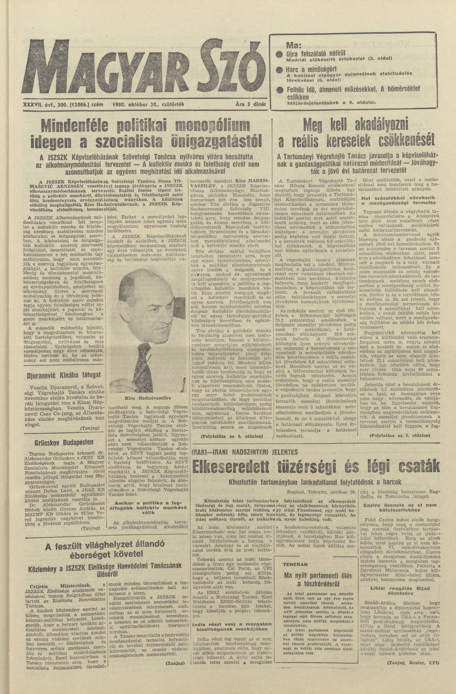 Magyar Szó, 37. évf. 1980. október 30. 300. sz. 1–20. oldal
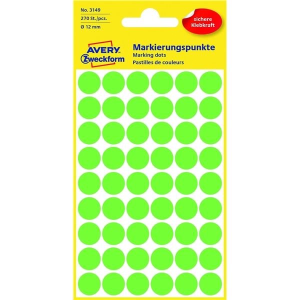 Kulaté etikety Avery, neon zelené, d=12 mm,270 ks
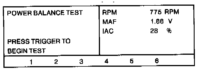 Fuel injectors to any or all of the six cylinders can be initialized by pressing key number 3 for cylinder # 1, key number 4 for cylinder #2, etc. Engine RPM, MAF sensor voltage and IAC valve opening are displayed. When this test is completed, press CANCEL to return to Screen Display # 16. Turn the menu dial to highlight COOLING FAN. Press TRIGGER. Screen Display #22 will appear.
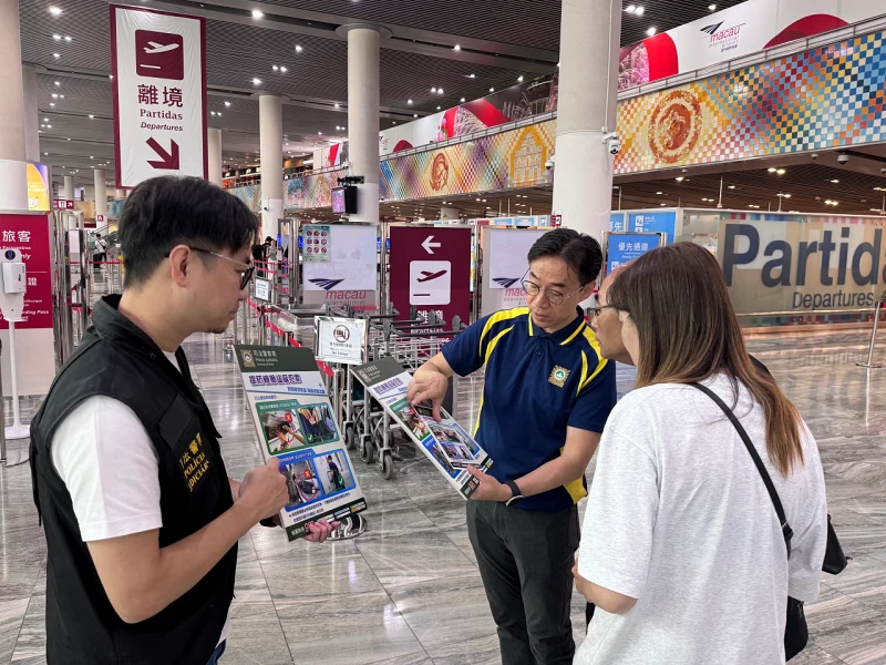 マカオ司法警察局は8月19日、旅行へ出かける機会が多くなる夏休みシーズンに合わせ、前月(7月)21日から8月17日にかけてマカオ国際空港の出発フロアで防犯キャンペーンを展開し、延べ約5500人に接触したと発表。
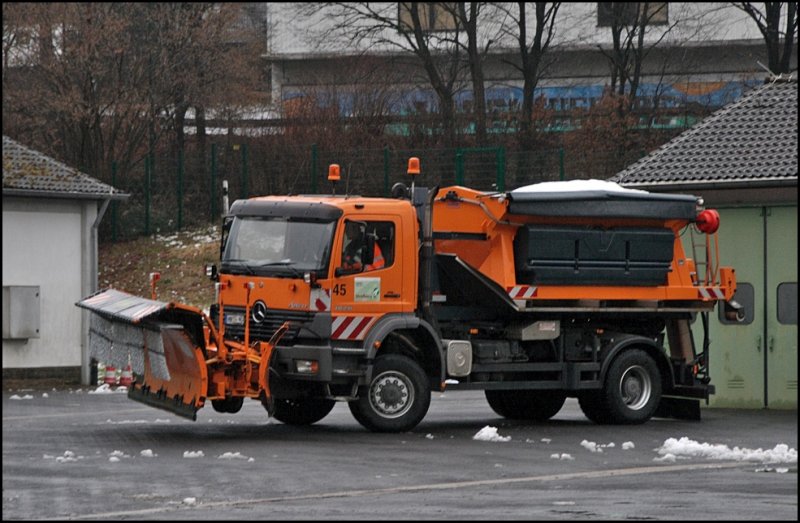 Im Februar 2011 : Mercedes ATEGO 1828 - ein Fahrzeug der "Straßen NRW " mit Sonderaufbau..
=====
- **Activity**
In your copy, restate the data above word for word but leave out any picture.

- **Solution for this exercise**
 Magyar Szó, 37. évf. 1980. október 30. 300. sz. 1–20. oldal
 Kulaté etikety Avery, neon zelené, d=12 mm,270 ks
 Fuel injectors to any or all of the six cylinders can be initialized by pressing key number 3 for cylinder # 1, key number 4 for cylinder #2, etc. Engine RPM, MAF sensor voltage and IAC valve opening are displayed. When this test is completed, press CANCEL to return to Screen Display # 16. Turn the menu dial to highlight COOLING FAN. Press TRIGGER. Screen Display #22 will appear.
 マカオ司法警察局は8月19日、旅行へ出かける機会が多くなる夏休みシーズンに合わせ、前月(7月)21日から8月17日にかけてマカオ国際空港の出発フロアで防犯キャンペーンを展開し、延べ約5500人に接触したと発表。
 Im Februar 2011 : Mercedes ATEGO 1828 - ein Fahrzeug der "Straßen NRW " mit Sonderaufbau..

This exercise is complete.